NeuroImage (Nov 2024)
Representational dissimilarity component analysis (ReDisCA)
Abstract
The principle of Representational Similarity Analysis (RSA) posits that neural representations reflect the structure of encoded information, allowing exploration of spatial and temporal organization of brain information processing. Traditional RSA when applied to EEG or MEG data faces challenges in accessing activation time series at the brain source level due to modeling complexities and insufficient geometric/anatomical data.To overcome this, we introduce Representational Dissimilarity Component Analysis (ReDisCA), a method for estimating spatial–temporal components in EEG or MEG responses aligned with a target representational dissimilarity matrix (RDM). ReDisCA yields informative spatial filters and associated topographies, offering insights into the location of ”representationally relevant” sources.
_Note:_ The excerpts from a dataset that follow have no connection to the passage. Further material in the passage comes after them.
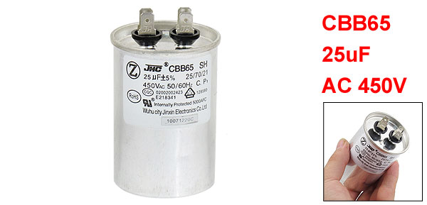 Product Name Motor Capacitor Housing Material Metal Dielectric Material Metallized Polypropylene Film Model CBB65 Capacitance 25uF Tolerance ±5% Rated Voltage 450V AC Frequency 50/60Hz Body Dimension 5 x 8cm/ 2" x 3.1"(D * H) Operating Temperature 25/70/21 Color Silver Tone Net Weight 152g Package Content 1 x Motor Capacitor - Reviews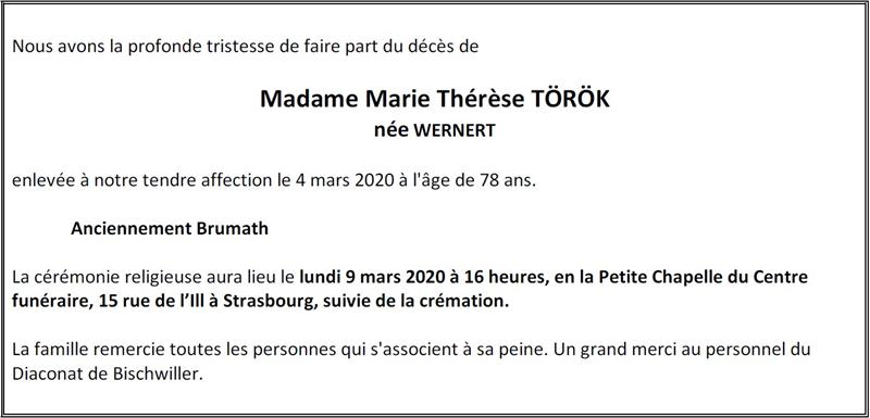 Madame Marie Thérèse TÖRÖK née WERNERT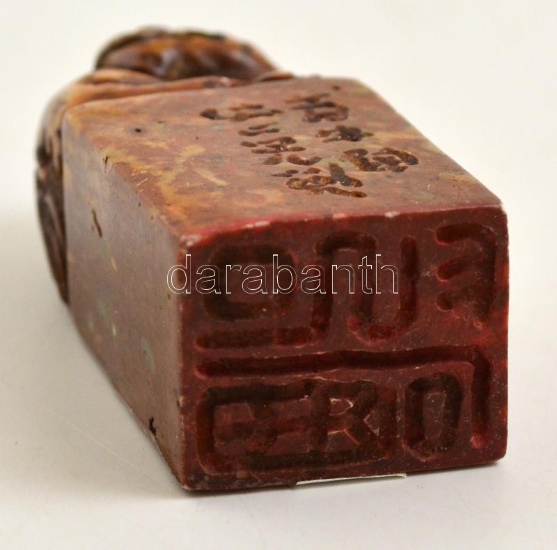 Leírás: cca 1900 kínai pecsétnyomó, faragott zsírkő, m:6 cm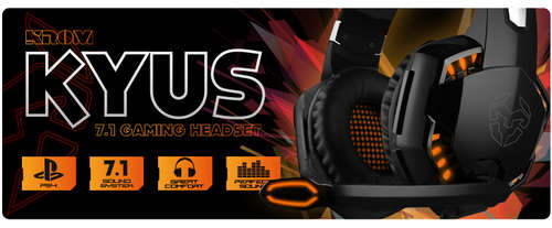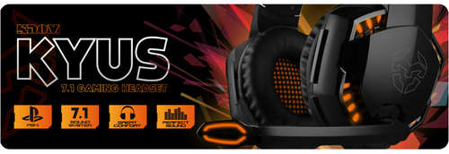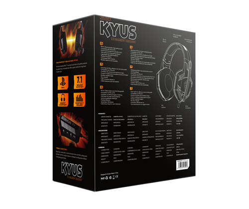 O headset Kyus destaca-se pelo seu som de alta qualidade de 7.1 wrap, que juntamente com as suas almofadas garantem o máximo isolamento acústico do exterior. Seus alto-falantes de 50 mm fornecerão um som de alta qualidade, mesmo nos ambientes barulhentos.
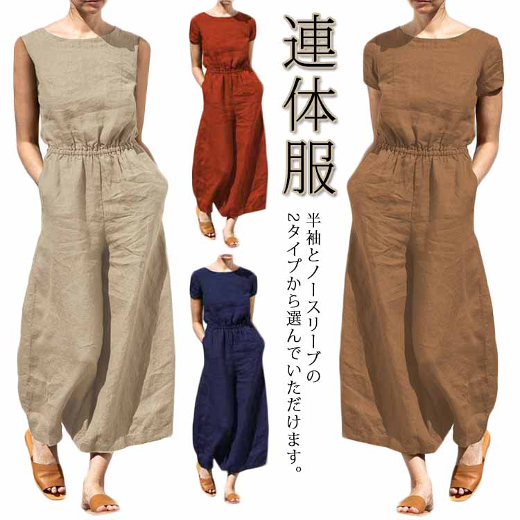 ウェストギャザー ノースリーブ ロンパース レディース ジャンプスーツ 定番 連体服 夏 ジャンプスーツ オールインワン

Applied to evoked response time series, ReDisCA produces temporal source activation profiles with the desired RDM. Importantly, while ReDisCA does not require inverse modeling its output is consistent with EEG and MEG observation equation and can be used as an input to rigorous source localization procedures.Demonstrating ReDisCA’s efficacy through simulations and comparison with conventional methods, we show superior source localization accuracy and apply the method to real EEG and MEG datasets, revealing physiologically plausible representational structures without inverse modeling. ReDisCA adds to the family of inverse modeling free methods such as independent component analysis (Makeig, 1995), Spatial spectral decomposition (Nikulin, 2011), and Source power comodulation (Dähne, 2014) designed for extraction sources with desired properties from EEG or MEG data. Extending its utility beyond EEG and MEG analysis, ReDisCA is likely to find application in fMRI data analysis and exploration of representational structures emerging in multilayered artificial neural networks.